As you’re typing away at your keyboard, creating new objects and methods, you realize something.

“Hey, what if this object is actually null?”

And so, you decide to cleverly check if the object is null, like so :


public void doStuff(Object object){
  if(object != null){
    //Work your magic on this object
  }
}

However, there are several problems with this approach. For instance, most programmers who use this technique do nothing if the object is null.
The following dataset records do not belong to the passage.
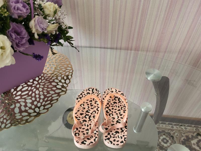 Сланці/вьєтнамки на резинці сзаду, у гарному стані, рожеві з леопардовим принтом, 17.5 см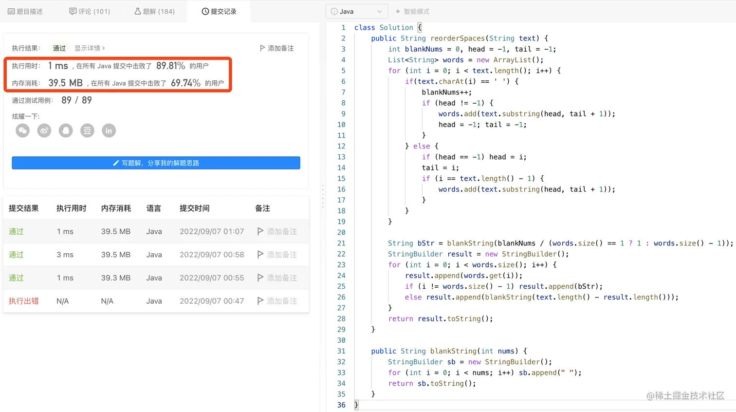 【解释】总共有 7 个空格和 3 个单词。7 / (3-1) = 3 个空格加上 1 个多余的空格。多余的空格需要放在字符串的末尾。
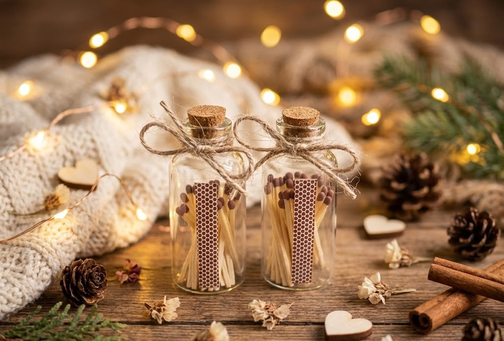 Botecito de cerillas artesanales con rascador en la etiqueta. ✨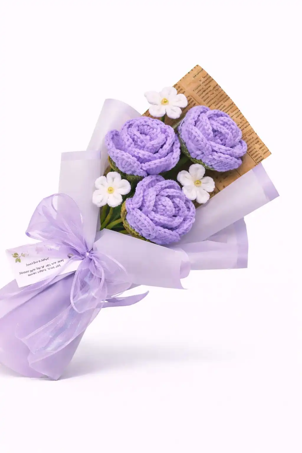- 3 crochet lavender roses, mini white flowers, premium wrap, ribbon bow, message card

This causes huge amounts of bugs and headaches for everyone.

In addition, null checking an object everywhere causes excessive bloating. In fact, most of these checks are unnecessary. You should not be checking if an object is null inside the main parts of your code. It is best to only check when data is first passed in.

An analogy for this is as follows :

A city, known for its wealth and prosperity, lies in the middle of a desert. Every one in the city is confirmed to be a good citizen, and crime rates are at an all-time low 0%. However, one day, a group of vandals approach the city. As they reach the outskirts, they are caught and kicked out. No criminals allowed!

The city continues to prosper for the rest of eternity.

However, a few dozen miles away, another city named Nullville exists. Unlike the other city, Nullville has no guards around the city. As a result, the city is flooded with nasty and evil people. To combat these evil-doers, Nullville decides to enforce a strict system of identification, with all good people getting an ID.

If you want to go outside, you need to show your ID. If you want to buy meat, you need to show your ID. If you want to go home, you need to show your ID. If you want to sleep, you need to show your ID. If you are caught without an ID, you are booted from Nullville, as you’re proven to be evil.

Clearly, Nullville is in a terrible situation. In order to do anything in Nullville, you first have to actually prove that you have an ID (proving that you’re != null). Even if you aren’t serial killer or a thief, you still have to prove that you have an ID.

As a result, like Nullville, programmers end up excessively checking their data for nulls, when it simply isn’t necessary. As in the first city, data should be checked on the outskirts of your code, not inside the main parts of it.

If you force functions on the “outskirts” of your code base to check for nulls, then you do not have to check for nulls in the core sections. The output is already guaranteed to not be null, so there is no reason, in the input of another function, to check for null.

In a nutshell, a contract needs to be made. Function A promises to return an object, but it isn’t null. Function B accepts an object, but trusts function A that the object will not be null. As a result, there is no reason for function B to check its input for null.

So don’t bloat your code. Check for nulls at the gates of your code, so that you don’t have to do it inside the code.